Paget's Disease of Bone-Clinical Presentation and Diagnosis

Paget disease of bone (PD)-initially described by Sir James Paget in 1876-is a common benign bone disorder, which leads to the enlargement and deformity of bones due to a combination of abnormal bone resorption and abundant new bone formation. Genetic factors are important in the pathogenesis of PD and many families have been described where PD is inherited in an autosomal-dominant fashion.
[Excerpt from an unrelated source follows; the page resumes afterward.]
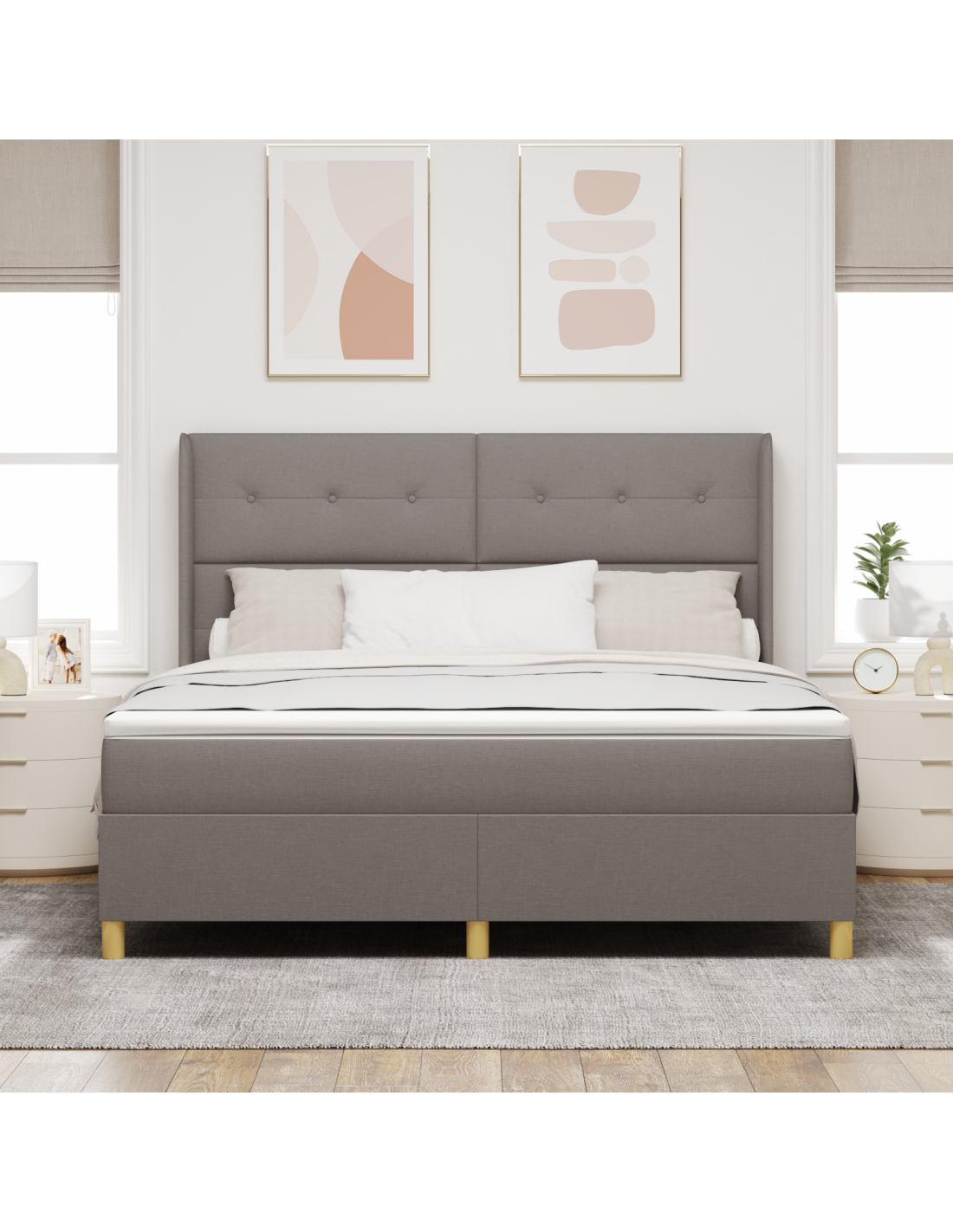 Questo Modern Box Spring Bed è perfetto per qualsiasi camera da letto. Combina comfort di lusso con un look elegante e contemporaneo. Con linee essenziali e uno stile funzionale, è progettato per dare un tocco in più al tuo spazio, assicurando anche un sonno ristoratore per tutti. La struttura a molle offre supporto e resistenza, soddisfacendo diverse abitudini di sonno grazie al suo materasso in schiuma medio-rigido.

Several candidate loci for susceptibility to PD and related syndromes have been identified by genome-wide scans and recent evidence suggests that mutations in genes that encode components of the "receptor activator of nuclear factor-(NF-)kappa B" (RANKL)/NF-kappa B signalling pathway play an important role in the pathogenesis of this group of diseases. Furthermore, also a viral genesis has been elucidated causing PD. The clinical course of PD is characterized by chronic pain, bone deformations, and locally increased temperature of affected sites due to an increased vascular perfusion. PD can lead to fractures, neurological symptoms by nerve compression, or cardiac complications. However, only a small percentage of all patients with PD develops clinical symptoms and thus many Paget lesions remain undiagnosed or will be only detected by chance in the course of imaging performed due to other symptoms primarily not related to PD. The most important imaging method is conventional X-ray, which is capable of detecting early osteolytic Paget lesions. Bone scintigraphy shows hypermetabolic Paget lesions with high sensitivity. Computed tomography and magnetic resonance imaging are used for special questions such as possible malignant transformation. The most important laboratory parameter in PD is alkaline phosphatase, which is frequently elevated. An isolated elevation should initiate imaging procedures for diagnosing or excluding PD. In cases with unclear imaging results or in cases of possible malignant transformation to Paget-sarcoma bone biopsies will be needed.